By Jade Bonus
So it’s mid-February and we are up to our collective knees (or flailing on our arses) in snow and ice – brilliant. It’s not surprising that in the tail end of these cold, cold months that quite a few of us will be suffering a bit of the old Seasonal Affective Disorder (SAD – the most appropriate acronym ever). Whilst it is tempting to ball oneself up into a thumb-sucking mess until April, by following these handy suggestions can go a long way in making the winter blues your beatch.
Say ‘Yes’ more than ‘No’
As a natural born hermit myself, I too well understand how hard it can be to leave the house once you are settled in on a cold night, but if you get an invitation – take it! Saying ‘Yes’ no matter how hard it seems holds infinite rewards. I have been bar hopping in Mutsu, seeing exhibitions in Aomori city, singing AC/DC in Hachinohe and playing pool in Towada – all with awesome people just because I said ‘Yes’ – this could be you! Make it happen.
Look after yourself
When the trip to the supermarket is one long slide on an ice bar, healthy eating can somewhat justifiably go by the wayside (and frankly, the odd cup noodle isn’t going to kill you, probably). That said, adding up several weeks or months of this is going to see you vitamin deficient, lethargic and crapulent, not to mention pretty depressed (because healthy food has vitamins and stuff we need, yo). So head to the supa load up on veggies, fruit and proteins and cook a bunch of healthy stuff you can freeze so you don’t have to go out again for a while. Aside from the fact this will save you a bundle of cash (which is always useful), you’ll feel spectacular which is always nifty. Also, and I don’t want to sound like the biggest killjoy ever, but watch your alcohol intake. Remember alcohol is a depressant, so if on the cold nights making love to a bottle of your favourite tipple is becoming a habit, there’s a good chance it’s making you sad as hell (lovers often do that) so keep it clean as best you can.

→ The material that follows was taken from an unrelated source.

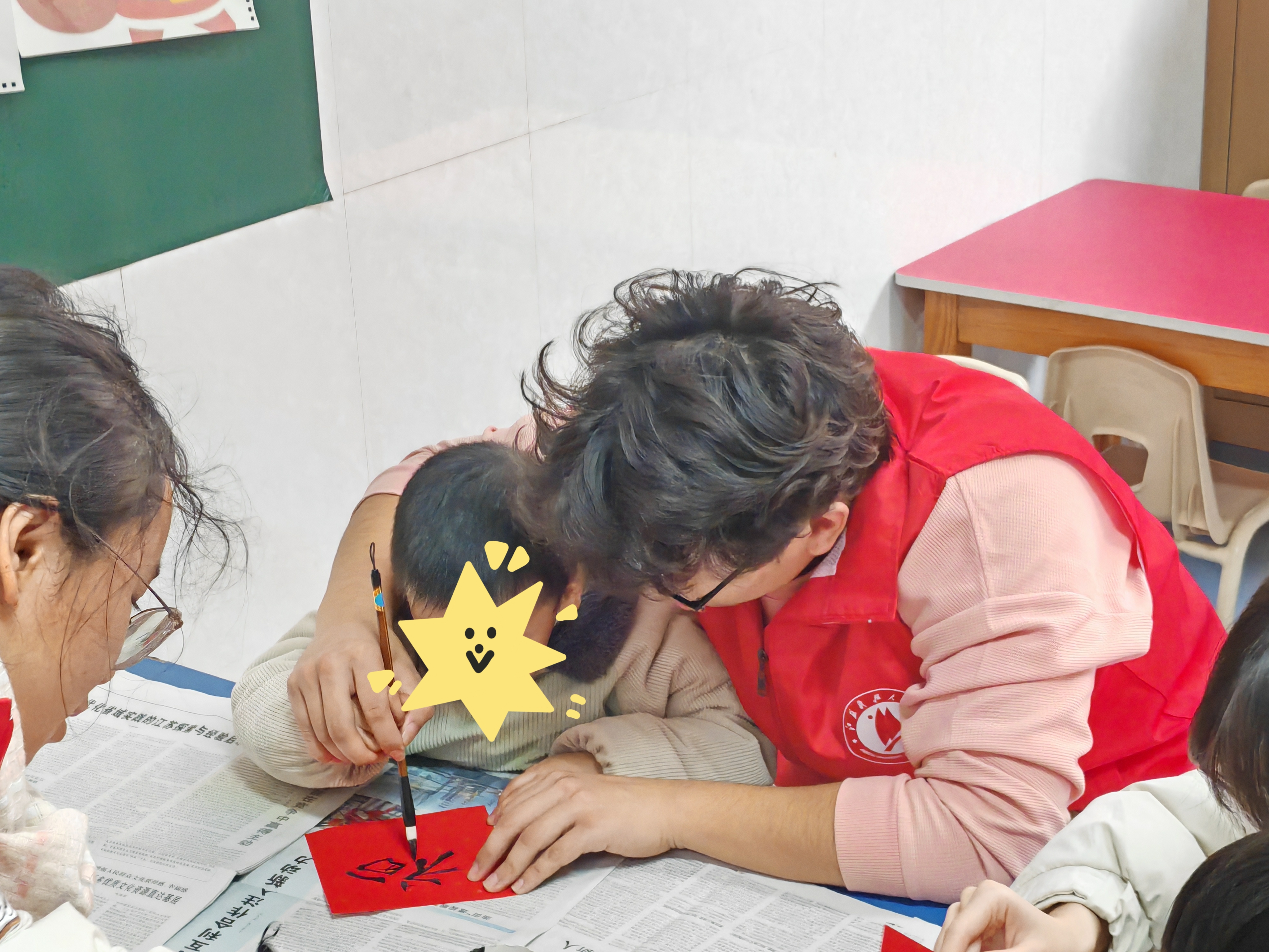 “墨香联韵寄情长”将传统文化的韵味带入了幼儿园,志愿者向孩子们介绍了写“福”字这一传统艺术形式的文化内涵和书写技巧,他们耐心地解释了福的结构特点,并亲自示范,引导他们尝试书写字。在志愿者的引领下,孩子们拿起毛笔,蘸上墨汁,手把手与孩子们一笔一划地书写着属于自己的福字。

Get some endorphins up in ya
Endorphins, nature’s legal high and, even better, produced in our own bodies! Nice work there, biology. Endorphins are released when we get our blood pumping and our gland sweating so hit the gym if you can; if not, work out at home. Get some fresh air to go with your endorphins and go for a walk (because going outside is telling nature that it ain’t beat you yet!) or dance in your lounge room – anything goes really – just get that blood moving!
Chill on it
If you are anything like me (and I hope you are not), my first Aomori winter has caused a lot of anxiety. From the worries of driving on ice, potentially freezing pipes, non-working hot water heaters to the constant fear that the kerosene is going to run out at the most inopportune moment – all of these factors can have one zinging at a seriously high vibration, which in the long run sucks for both your central nervous system and psyche. To keep the adrenaline in check hit up a bit of yoga or meditation to get your calm back on. If there are no classes where you are or you lack the resources readily at hand, do what I do and hit up YouTube (because it’s free and free is always good) to find something that works for you.
Get out of town
Even if it’s just to the next town a change is as good as a holiday (although a holiday is better so if you can wangle the nenkyu, do that). As much as we love our locales, seeing something new (even if it too is covered in snow) is a great way to beat the doledrums. If you don’t want to drive (and I don’t blame you), do what I do and exploit the local public transport system – sure, the buses and trains don’t run that often but even the act of trying to go somewhere can be transformative. Get your boots on!
Finally, revel in the good things about winter
Let’s list them off. Sitting under the kotatsu watching a whole season of RuPaul’s Drag Race or catching up on all those episodes of Breaking Bad you’ve been hoarding because going outside is a fool’s business. Spending an entire day cooking a stew because you can and nothing else if going to ever taste better and your house is never going to smell so awesome. Reading a really, really long book. Hitting up the local (or not so local) onsen to infuse scalding heat to your body. Letting your personal grooming slide because no one is going to see your excess body hair under three layers of thermal underwear, your scarf or your beanie. These are all good things and now you have the perfect excuse to enjoy them! Brilliant!
And remember… like all things… winter too will pass…until December.